And @andrjohns added the std_normal_log_qf so you can operate with the _lcdf which opens up a larger range of values for finite precision computation:

 for (n in 1:ns) {
  y1 = std_normal_log_qf(lognormal_lcdf(p1[n], mu1, sigma1));
  y2 = std_normal_log_qf(lognormal_lcdf(p2[n], mu2, sigma2));

  target += normal_copula_lpdf(y1, y2, rho);
 }
1 Like

If I wanted the Spearman correlation instead, would I just need to convert the y1 and y2 vectors into their ranks before entering them in the copula?

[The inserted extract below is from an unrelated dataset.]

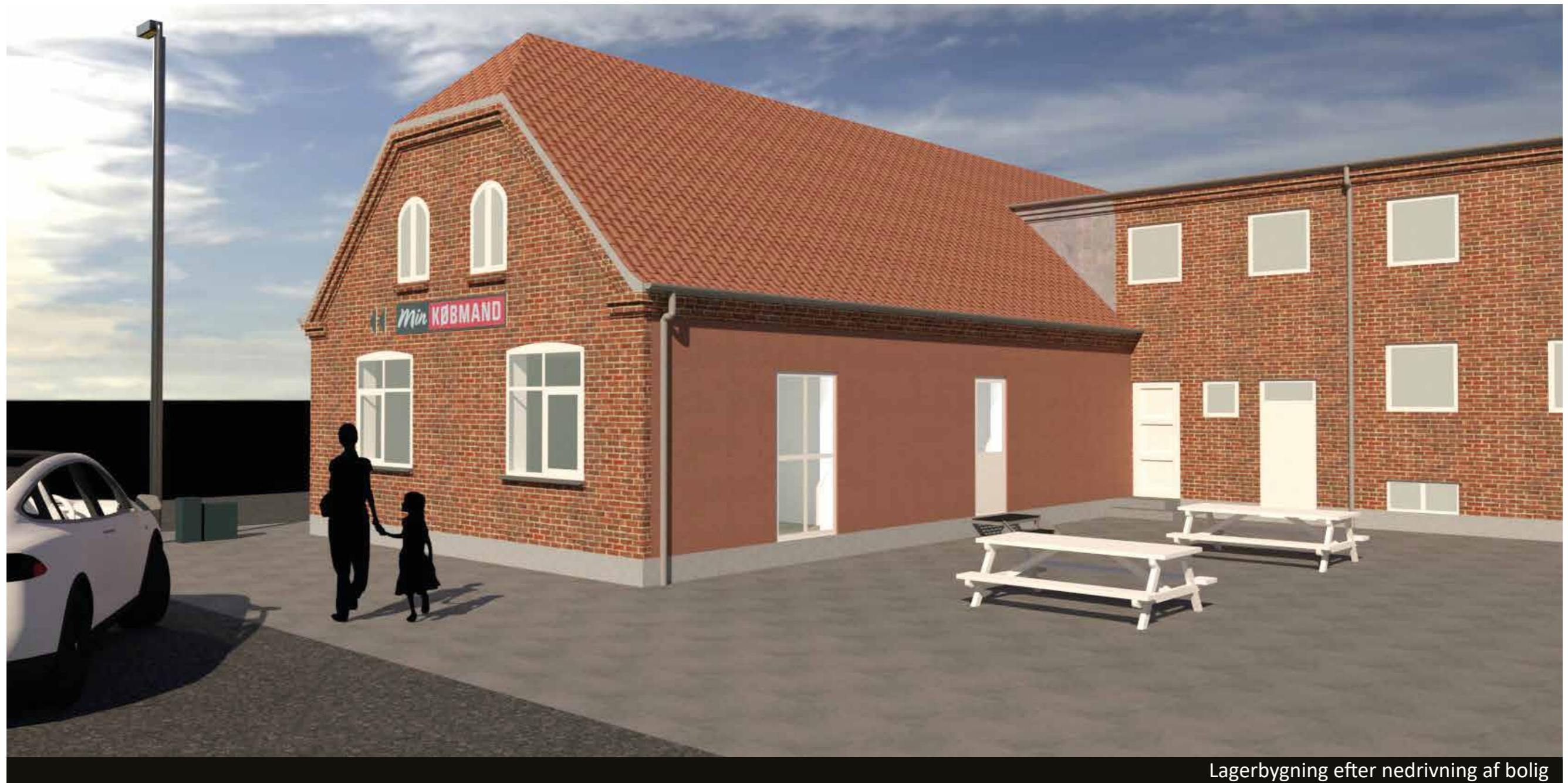
Lagerbygning efter nedrivning af bolig

Careful doing this, because mapping from a vector’s values to its rank order is discontinuous, which can break gradient-based samplers like Stan’s HMC.

1 Like

I see. In that case, would it really be the selection of copula I want to focus on to approximate (or achieve) a Spearman correlation? And, if so, any suggestions?

1 Like

This seems to suggest that the Pearson and Spearman statistics are almost identical, even though that is often not the case outside of Bayesian modeling. Is this just because the correlation model is built into the estimating program through the use of a copula, and therefore less sensitive to things like outliers and nonlinearities in the relationship between the underlying parameters of interest?

It’s because these are the population level correlations in a population assumed to have normal marginals, not sample correlations.

1 Like

@jsocolar in the normal copula the marginals can be any continuous univariate distribution and the correlation follows the relationship outlined in the link above.

@Corey.Plate the relationship is somewhat surprising when you’re first introduced to copulas. It’s one of the ways that the mvn is too restrictive if you think your data have a much different dependency type. I suggest taking a look at section 3 of https://people.math.ethz.ch/~embrecht/ftp/copchapter.pdf.

I want to try out this more stable function, but it looks like our cluster’s version of Stan does not have it (we’re only on cmdstan-2.30.1-mpi). Is there a place where I can find the function written in Stan language to add it as a custom function?

1 Like

Ah, I see. I would have to tinker with Stan under the hood to add this.

I’m not sure if I understand it correctly,but I think the initial question was a bit about testing for correlation. So to say, to compare a model without correlation and a model with some correlation (e.g. imposing some copula)